Industrial properties which constitute 51% of Capital’s property portfolio
again performed well. Tenant demand in industrial areas such as Linbro
Park, Longmeadow and Raceway Industrial Park in which Capital has a large
presence, continues to be strong. Encouragingly, demand for big boxes has
continued to improve, but demand for manufacturing space is in decline in
line with the downward trend in this sector. Capital’s strategy continues
to be to reduce its exposure to the manufacturing sector and enhance the
portfolio with the development of new distribution facilities.

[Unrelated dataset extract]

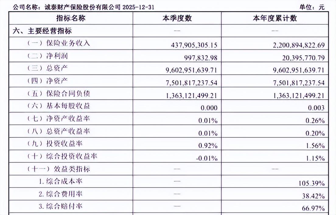 2025年末,公司投资收益率及综合投资收益率分别为1.56%、1.15%,尽管投资收益率不高,但这一年的总资产为96.03亿元,净资产达75.02亿元,投资收益的绝对额仍勉强覆盖承保业务导致的亏损。

Capital has achieved considerable success with the industrial developments
already undertaken. The Fund also made further progress by acquiring land
in strategic locations for its development pipeline. Capital will continue
to reduce its retail and non-core properties to focus on A-grade
industrial parks and offices.
Capital is currently exploring the economic internalisation of Property
Fund Managers Limited (“PFM”), its management company, to better align
investor interests with management of the Fund. As Capital is a Property
Unit Trust (PUT), it cannot own PFM and the economic internalisation will
be achieved by an amendment to the Trust Deed. This will result in costs
being recovered rather than the payment of a fixed asset management fee.
Should agreement be reached between the boards of Capital and Resilient
Property Income Fund Limited (the owner of PFM), the transaction will be
presented to unitholders for approval.
3 ACQUISITIONS AND DEVELOPMENTS
Capital has acquired Clairwood Racecourse at a cost of R430 million. The
property is situated adjacent to the old Durban airport which is planned
to be the major container port and terminal for KwaZulu-Natal. Capital
will develop approximately 400 000m2 of warehousing at the new Clairwood
Logistics Park at an estimated completion cost in excess of R2 billion.
The environmental approval, re-zoning and infrastructure installation is
anticipated to take two years.
The construction of an 11 200m2 warehouse development in Raceway
Industrial Park was completed in July 2012 and has been tenanted.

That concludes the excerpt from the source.